* **HOW TO COMPLETE THIS TASK**
From the material below, return exactly the lines starting at the one that holds "DETALII LINIARE IMOBIL" and ending at the one that holds "Placement Officer explaining the process". Pictures stay out of the answer.

* **EXERCISE MATERIALS**

::::

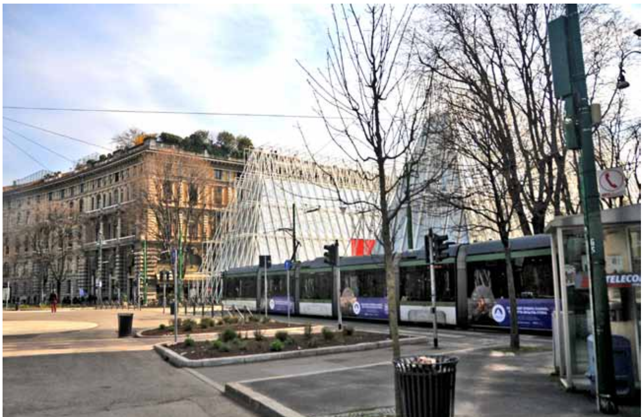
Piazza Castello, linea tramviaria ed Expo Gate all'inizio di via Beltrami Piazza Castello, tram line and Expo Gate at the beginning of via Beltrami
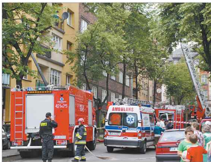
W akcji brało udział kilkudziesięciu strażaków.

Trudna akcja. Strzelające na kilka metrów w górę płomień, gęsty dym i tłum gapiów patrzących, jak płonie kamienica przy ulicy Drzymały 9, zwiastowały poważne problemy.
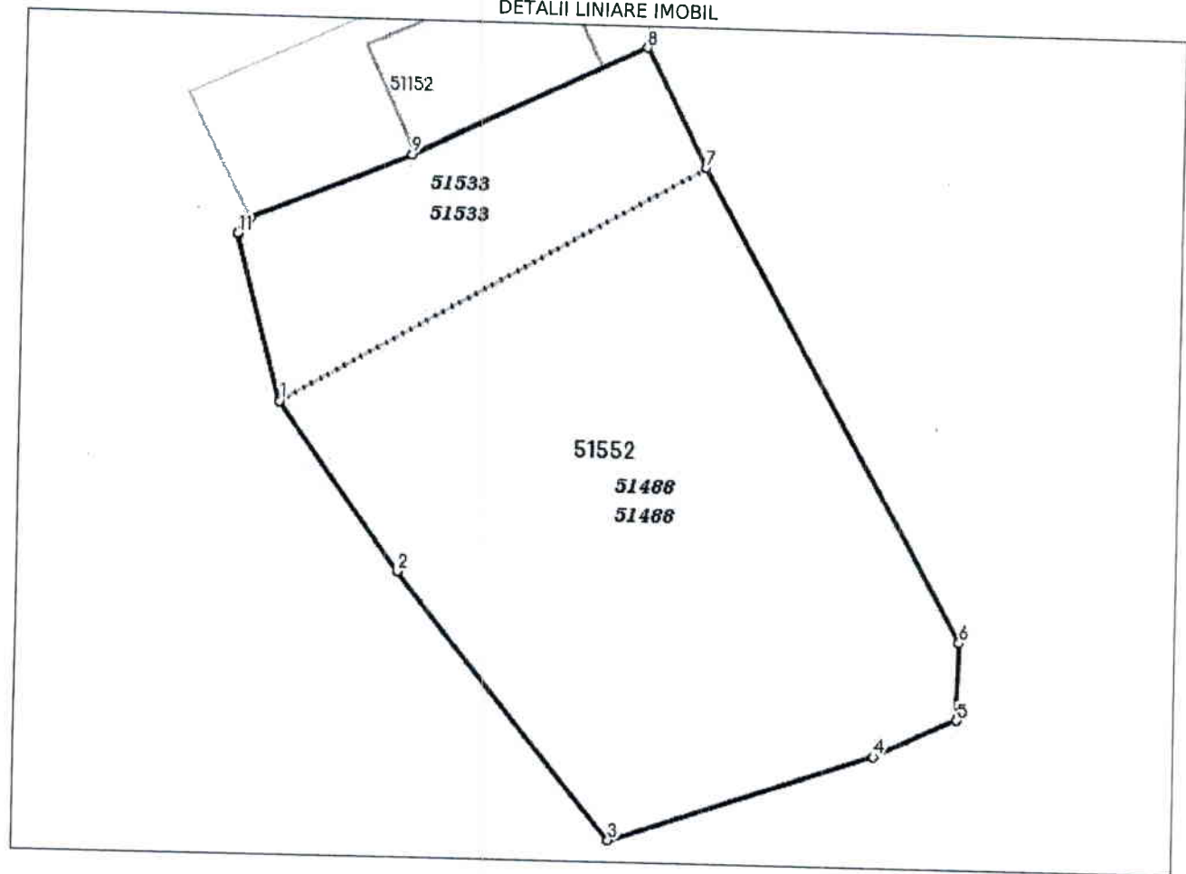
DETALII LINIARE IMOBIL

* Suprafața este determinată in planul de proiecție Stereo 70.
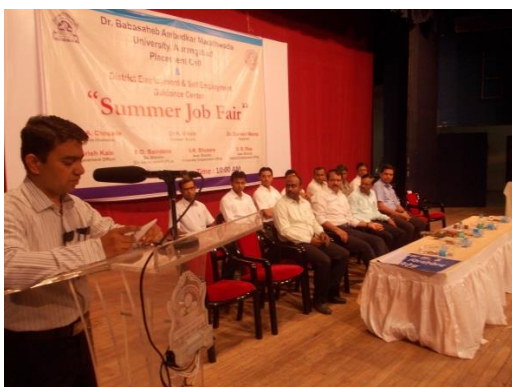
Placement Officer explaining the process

::::

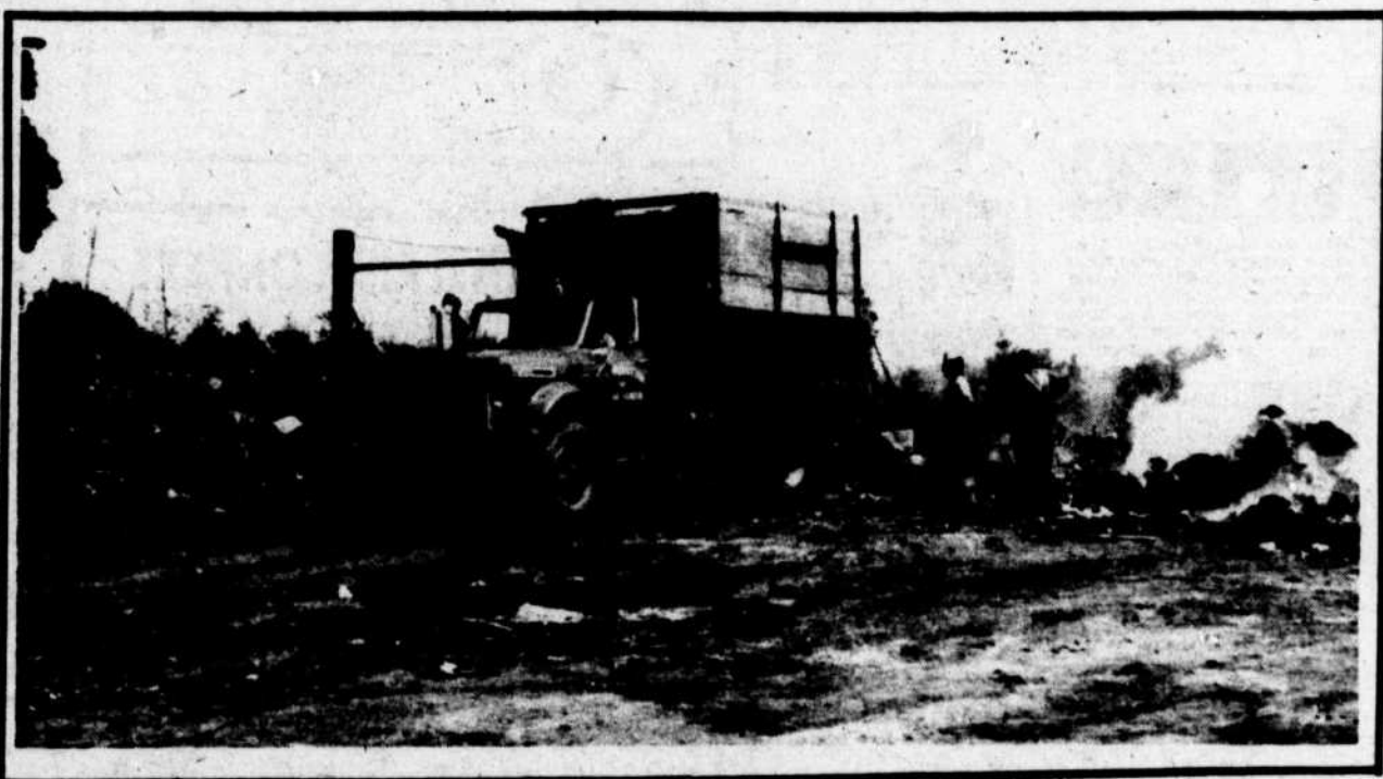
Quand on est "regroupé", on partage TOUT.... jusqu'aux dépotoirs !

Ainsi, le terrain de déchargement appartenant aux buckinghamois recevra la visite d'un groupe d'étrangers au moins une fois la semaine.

::::

* **RESULT FOR THIS EXERCISE**
DETALII LINIARE IMOBIL

* Suprafața este determinată in planul de proiecție Stereo 70.
Placement Officer explaining the process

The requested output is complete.